Sunday Software Sound Hacks


[Ico Doornekamp] sent us his ultrasonic-entirely code based-thermin project in response to yesterdays Virtual theremin. By using the programming environment Pure Data, he is able to transform his laptop into a dual input device (while only using a single microphone) without modification. By being so open-ended theoretically anyone can have a theremin within a few moments of downloading, but he does mention it might not work on all hardware.

Also in relation to yesterday’s use of a Wii remote [blobKat] let us know about his thesis project, performance based music making. After studying the connection between musicians and their use of laptops decided that they would want more interaction and movement in their music creation. He combined gesture recognition and synth based movement with Wii remotes to achieve his ends. The video above is an explanation and example of his efforts.

17 thoughts on “Sunday Software Sound Hacks

  1. I’m near speechless… I’ve wanted something like this since I was a kid. Quite a novel control interface for music. I can just picture cuing some Bach and playing conductor for a day.

  2. It’s a great hack, but I seriously doubt how many artists would prefer the wiimote method to express themselfs, since the original issue was “not look so limited and stupid behind your laptop” is it going to look any better with jacking off your wiimote? :D

  3. i’ve had an idea brewing about performance based music production, but i’m not too mechanically enclined nor very program-language savvy. either way, it’d be a freakin’ sweet idea to put into action. i see how you guys like to hack random video-game controllers and other button-oriented things and i thought, hey, why not develop some way of turning ANY video-game controller, external numeric keypad, keyboard,etc into a MIDI device. can you imagine the applications for musical performance especially with this new age of musicians. anybody got any feedback? maybe there’s already something similar and i just haven’t found it yet.

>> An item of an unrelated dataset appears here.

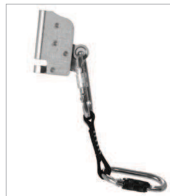
Anticaídas STOPCABLE sekuralt REF. 083078

Esta guía de cable tiene la misma función que la guía de cable estándar. Su diseño dispone de un gancho de seguridad para colocación en instalaciones en condiciones extremas.

  4. @AJ: there are a few tools that allow exactly what you describe.
    to name a few:
    -MJOY turns standard joysticks and gamepads into MIDI controllers. pretty straightforward.
    -MiJoy ($$, VSTi only) does the same thing but has a few more options
    -GlovePIE: total madness. accepts anything as an input device including Wiimotes, can control MIDI and OSC (besides emulating any other input device) and can be fully scripted.

  5. @Glen: I recorded that video with Photo Booth on mac, which mirrors everything. I didn’t notice it until I uploaded it to vimeo :) stupid!

    @Jeff: the AI comes from the WiiGee java wiimote gesturing library… it uses hidden markov models. Much credit to the WiiGee guys, without them, I wouldn’t have been able to do this.

  6. AJ What you want is a CV to MIDI interface. Old synths (pre midi) used to use voltage levels to fire off keys on a slave keyboard. You can find models of these that may be a little pricey but they let you vary the voltage input levels, which would be useful to you ie output of said walgreen’s videogame device into CV that converts to MIDI. There are also a number of MIDI controlled power outlets for the randomization of devices or lights as it was made for. My MIDI days are a bit past at this point, but I am slowly rebuilding my arsenal of relatively sweet machines. Sorry if you already knew about this stuff, not sure about your level of savvy, just trying to help spark ya know :)

    I’m with ya though on the mix of circuit bending and the power of MIDI. I am really thankful that the developers were smart enough to leave open parameter slots and gave it to the world free :)
    DMX has always seemed like its roided-out, asshole older brother lmao.
    If ya really want these things though holler back and I’ll see what I can dig up yo.